TASK DATA —
------------------------------------

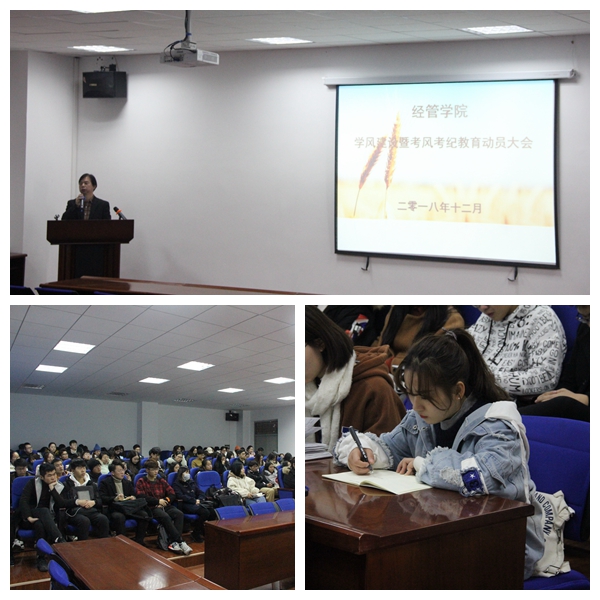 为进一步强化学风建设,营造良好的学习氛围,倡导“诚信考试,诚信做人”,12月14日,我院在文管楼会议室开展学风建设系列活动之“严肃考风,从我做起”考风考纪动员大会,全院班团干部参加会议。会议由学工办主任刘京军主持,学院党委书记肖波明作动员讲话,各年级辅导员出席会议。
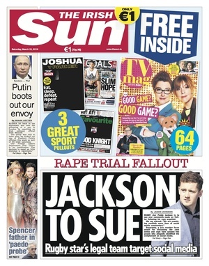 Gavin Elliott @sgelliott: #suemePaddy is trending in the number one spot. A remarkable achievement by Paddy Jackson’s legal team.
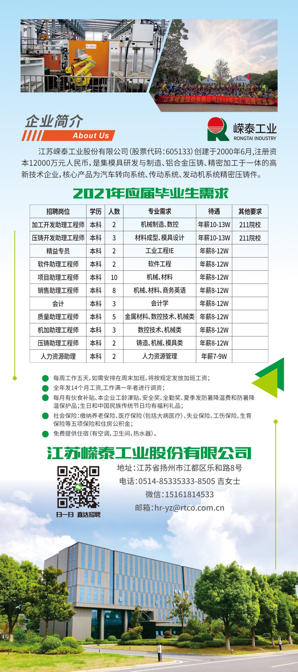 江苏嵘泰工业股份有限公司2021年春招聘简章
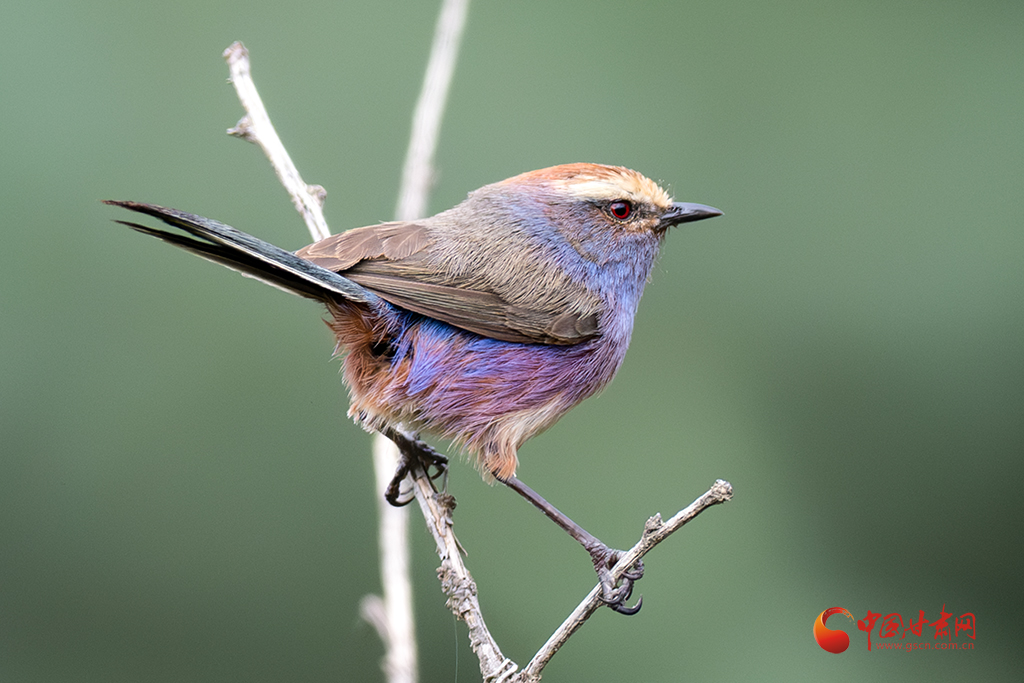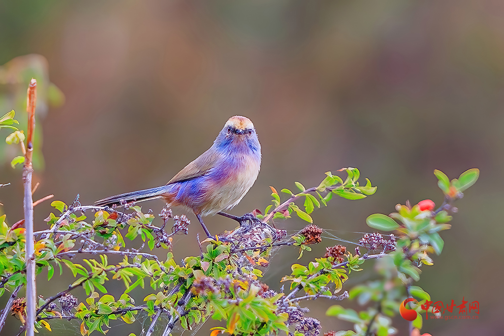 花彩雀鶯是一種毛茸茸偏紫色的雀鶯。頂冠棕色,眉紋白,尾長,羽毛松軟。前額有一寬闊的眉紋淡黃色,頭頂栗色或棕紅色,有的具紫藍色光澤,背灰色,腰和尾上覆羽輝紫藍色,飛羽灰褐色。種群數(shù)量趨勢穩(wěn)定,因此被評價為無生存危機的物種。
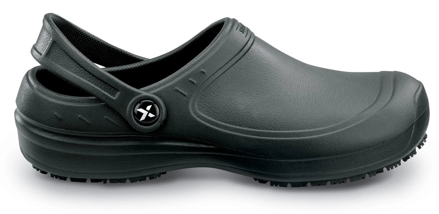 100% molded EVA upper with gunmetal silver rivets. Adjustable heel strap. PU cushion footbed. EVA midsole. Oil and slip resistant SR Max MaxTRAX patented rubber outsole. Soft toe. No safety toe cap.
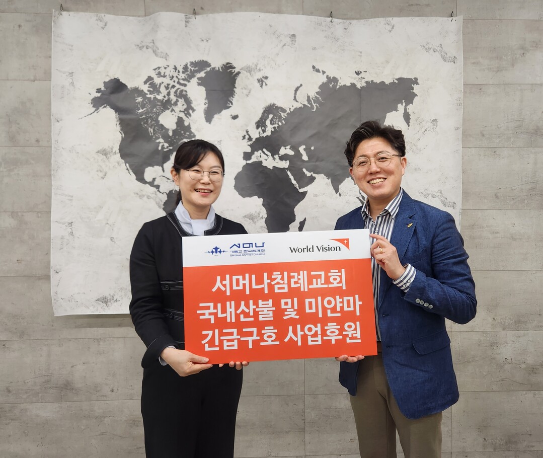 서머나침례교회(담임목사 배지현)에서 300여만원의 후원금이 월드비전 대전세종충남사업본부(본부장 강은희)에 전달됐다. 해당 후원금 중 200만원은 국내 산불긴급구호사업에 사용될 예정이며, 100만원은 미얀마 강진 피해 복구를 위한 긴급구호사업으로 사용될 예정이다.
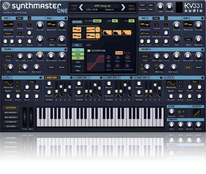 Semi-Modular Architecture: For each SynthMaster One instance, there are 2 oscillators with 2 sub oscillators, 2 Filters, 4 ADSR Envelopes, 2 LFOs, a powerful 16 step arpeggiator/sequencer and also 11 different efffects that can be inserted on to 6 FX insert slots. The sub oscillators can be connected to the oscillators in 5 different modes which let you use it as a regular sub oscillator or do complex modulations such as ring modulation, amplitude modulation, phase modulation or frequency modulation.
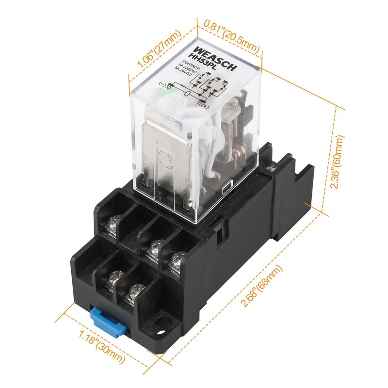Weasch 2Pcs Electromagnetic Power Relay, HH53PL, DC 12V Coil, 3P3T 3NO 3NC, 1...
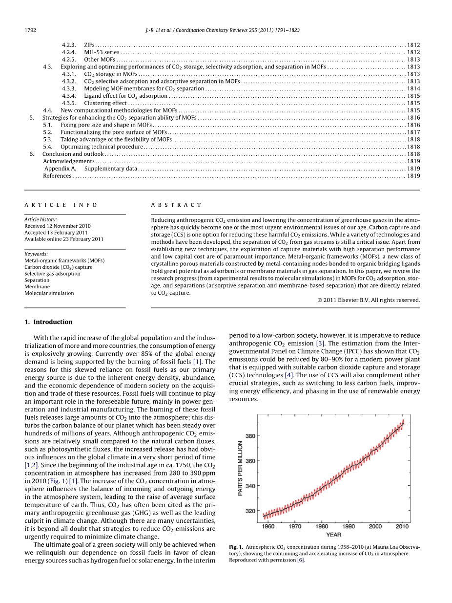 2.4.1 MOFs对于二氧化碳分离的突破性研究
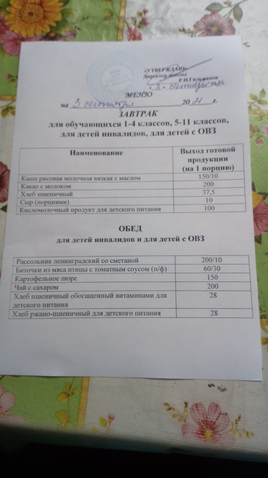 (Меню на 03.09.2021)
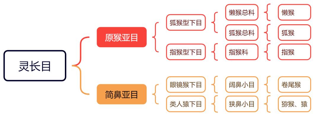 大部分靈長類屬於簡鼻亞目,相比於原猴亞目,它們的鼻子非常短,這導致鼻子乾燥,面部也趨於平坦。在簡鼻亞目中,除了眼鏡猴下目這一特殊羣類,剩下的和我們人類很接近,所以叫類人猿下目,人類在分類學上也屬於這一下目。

------------------------------------

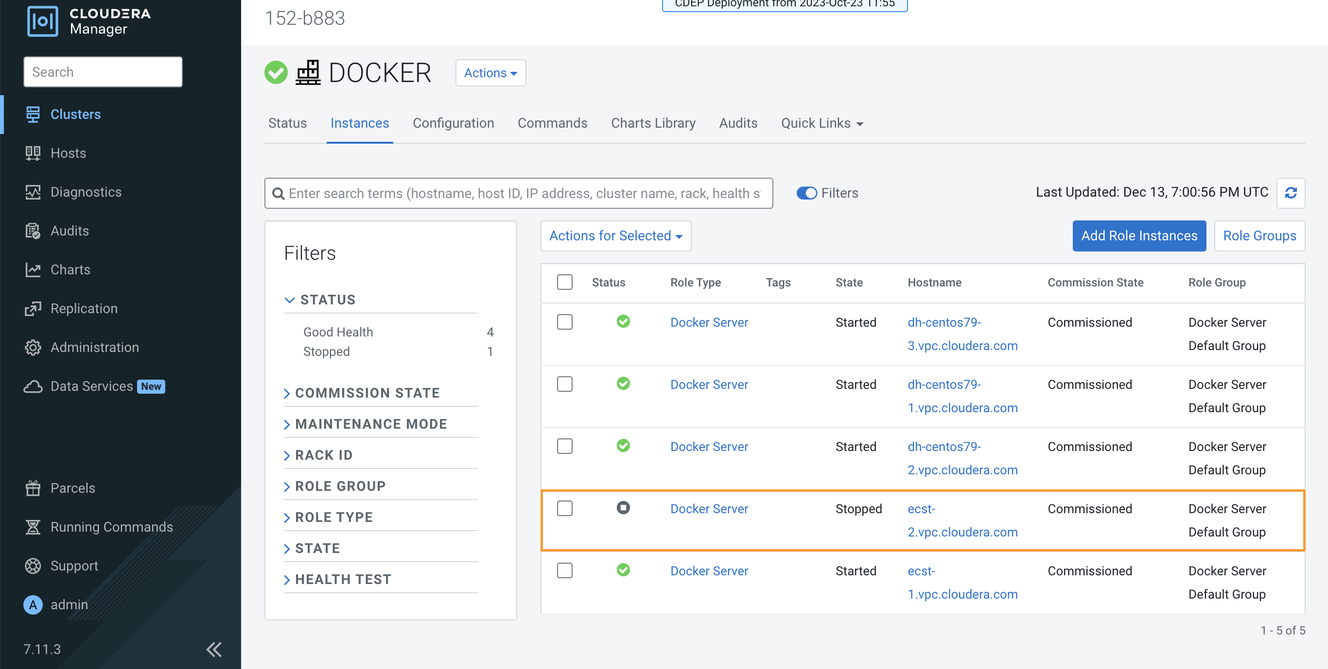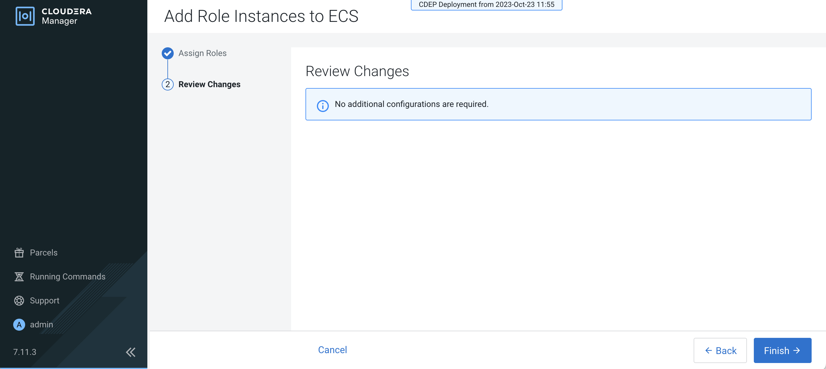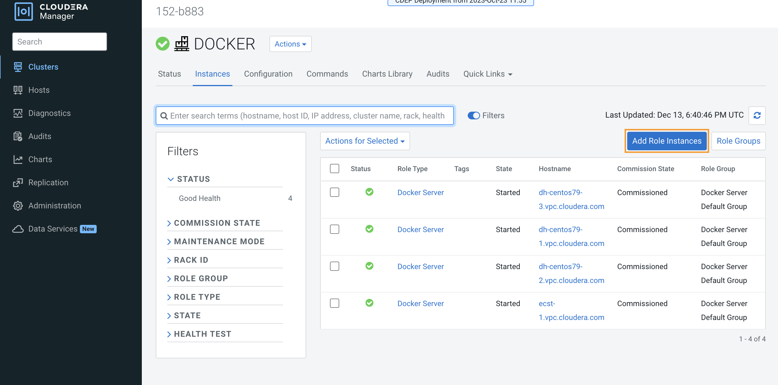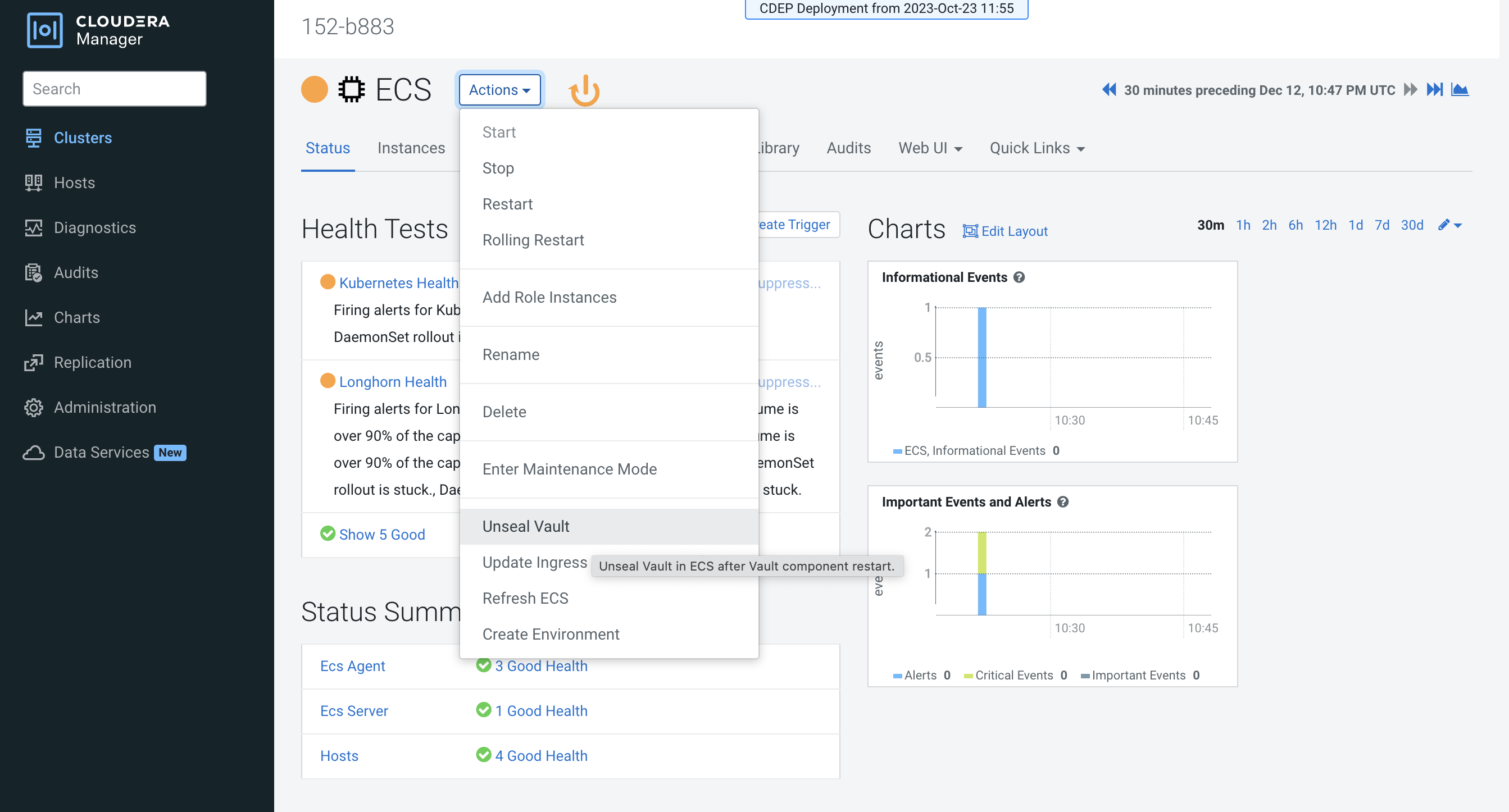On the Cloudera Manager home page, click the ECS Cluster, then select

------------------------------------

YOUR TASK —
From the records above, quote word for word only the lines beginning at the line that has "서머나침례교회(담임목사 배지현)에서 300여만원의" and stopping after the line that has "大部分靈長類屬於簡鼻亞目,相". Omit the pictures.

WRITTEN REPLY —
 서머나침례교회(담임목사 배지현)에서 300여만원의 후원금이 월드비전 대전세종충남사업본부(본부장 강은희)에 전달됐다. 해당 후원금 중 200만원은 국내 산불긴급구호사업에 사용될 예정이며, 100만원은 미얀마 강진 피해 복구를 위한 긴급구호사업으로 사용될 예정이다.
 Semi-Modular Architecture: For each SynthMaster One instance, there are 2 oscillators with 2 sub oscillators, 2 Filters, 4 ADSR Envelopes, 2 LFOs, a powerful 16 step arpeggiator/sequencer and also 11 different efffects that can be inserted on to 6 FX insert slots. The sub oscillators can be connected to the oscillators in 5 different modes which let you use it as a regular sub oscillator or do complex modulations such as ring modulation, amplitude modulation, phase modulation or frequency modulation.
Weasch 2Pcs Electromagnetic Power Relay, HH53PL, DC 12V Coil, 3P3T 3NO 3NC, 1...
 2.4.1 MOFs对于二氧化碳分离的突破性研究
 (Меню на 03.09.2021)
 大部分靈長類屬於簡鼻亞目,相比於原猴亞目,它們的鼻子非常短,這導致鼻子乾燥,面部也趨於平坦。在簡鼻亞目中,除了眼鏡猴下目這一特殊羣類,剩下的和我們人類很接近,所以叫類人猿下目,人類在分類學上也屬於這一下目。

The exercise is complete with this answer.